Today, we are building the "long-term memory" for your AI applications.

Up until now, every time you ran a script, your data lived in variables. When the script finished, the data vanished. Furthermore, if you wanted to find a specific piece of text based on meaning (semantic search), you would have to manually compare your query against every single document you have.

Today, you will build a Document Search Engine using ChromaDB.

Here is what you will master:

* Vector Databases: You will learn why we need a specialized database for AI, rather than using a standard spreadsheet or SQL database.

* ChromaDB Setup: You will learn how to initialize a local vector database that lives on your computer.

* Collections: You will learn how to organize data into logical groups (like folders), so you don't mix up recipes with financial reports.

Metadata Filtering: You will learn how to tag your data (e.g., "Source: Email", "Date: 2023") so you can search for meaning and* filter by specific criteria simultaneously.

* Persistence: You will learn how to save this database to your hard drive so your AI remembers facts even after you turn off your computer.

Let's give your AI a brain that lasts.

---

The Problem

Imagine you have a list of 10,000 sentences (chunks) from a massive training manual.
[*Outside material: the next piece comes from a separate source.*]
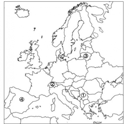 では、ここでクイズです。赤十字マークの配色は、赤十字の創始者アンリ・デュナンの祖国であるスイスに敬意を表して、スイス国旗の配色を逆にしたものですが、ではスイスは次の1〜4のどこでしょう?

You want to find the one sentence that answers the question: "How do I reset the safety valve?"

In the previous lessons, we learned that we can convert text into numbers (vectors/embeddings) and compare them using math (cosine similarity).

Here is how you would have to do that with standard Python code.

The "Painful" Approach:

Take your question and convert it to numbers.

Create a loop that goes through all 10,000 sentences.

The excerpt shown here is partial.